La madrugada del 24 de septiembre de 2025, la llegada del presidente Daniel Noboa a Otavalo causó un gran malestar entre la comunidad. A la 01:30, transmisiones en vivo en Facebook alertaban de la presencia del mandatario, generando alarma.
El motivo de la tensión fue el amplio despliegue de seguridad: una caravana de aproximadamente diez vehículos, incluyendo tanquetas, patrulleros, camionetas 4×4 y hasta un helicóptero. Los residentes se asustaron al escuchar detonaciones de bombas y disparos. Gritos de “ayuda, nos quieren matar” se oían en las redes sociales.
Tras unos minutos de incertidumbre, se vio a Noboa descender de un vehículo blindado. Vestido con una chaqueta de camuflaje similar a la de los militares, saludó a los uniformados que lo esperaban y entró rápidamente a un lugar seguro.

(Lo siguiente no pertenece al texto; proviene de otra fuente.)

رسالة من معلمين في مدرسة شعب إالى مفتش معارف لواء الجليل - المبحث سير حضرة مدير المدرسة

La llegada de Noboa a Otavalo se debía a una razón específica. Dos días antes, la Unidad de Vigilancia Policial (UPC) de la zona había sufrido destrozos, dejando 20 personas detenidas, dos policías heridos y vehículos incinerados, por lo que quería advertirles que estos actos vandálicos no se iban a permitir.
Los indígenas denunciaron que, durante el operativo, militares ingresaron a algunas casas con la intención de detener a quienes participaban en el paro indefinido convocado por la Conaie.

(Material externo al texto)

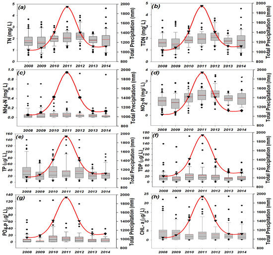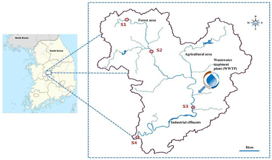 - Choi, J.W.; Han, J.H.; Park, C.S.; Ko, D.G.; Kang, H.I.; Kim, J.Y.; Yun, Y.J.; Kwon, H.H.; An, K.G. Nutrients and sestonic chlorophyll dynamics in Asian lotic ecosystems and ecological stream health in relation to land-use patterns and water chemistry. Ecol. Eng. 2015, 79, 15–31. [Google Scholar] [CrossRef]

La tensión continuó por la mañana, con policías y militares tomando las calles aledañas al parque central y al coliseo de la Unidad Educativa Jacinto Collahuazo. El descontento de la comunidad era evidente. «Lárguense, ¿qué hacen aquí, vagos?, así que vinieran cuando hay delincuencia», gritó una mujer a los militares. Otro grupo de personas coreaba «fuera Noboa, fuera», lo que molestó visiblemente al presidente.

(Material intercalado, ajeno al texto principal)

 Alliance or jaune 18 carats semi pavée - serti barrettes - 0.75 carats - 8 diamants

Durante su visita, Noboa entregó créditos y bonos a través de BanEcuador, al igual que días anteriores lo hizo en Chimborazo y Cotopaxi. En su discurso, visiblemente irritado, afirmó que solo unos pocos se oponen a los cambios que el país necesita, refiriéndose a la eliminación del subsidio al diésel. Antes de retirarse en helicóptero, lanzó una advertencia: “Esto no es protesta social, eso no es protesta indígena, eso es terrorismo y no vamos a permitirlo”.A su salida los abucheos de las personas que se encontraban en la parte externa no cesaron.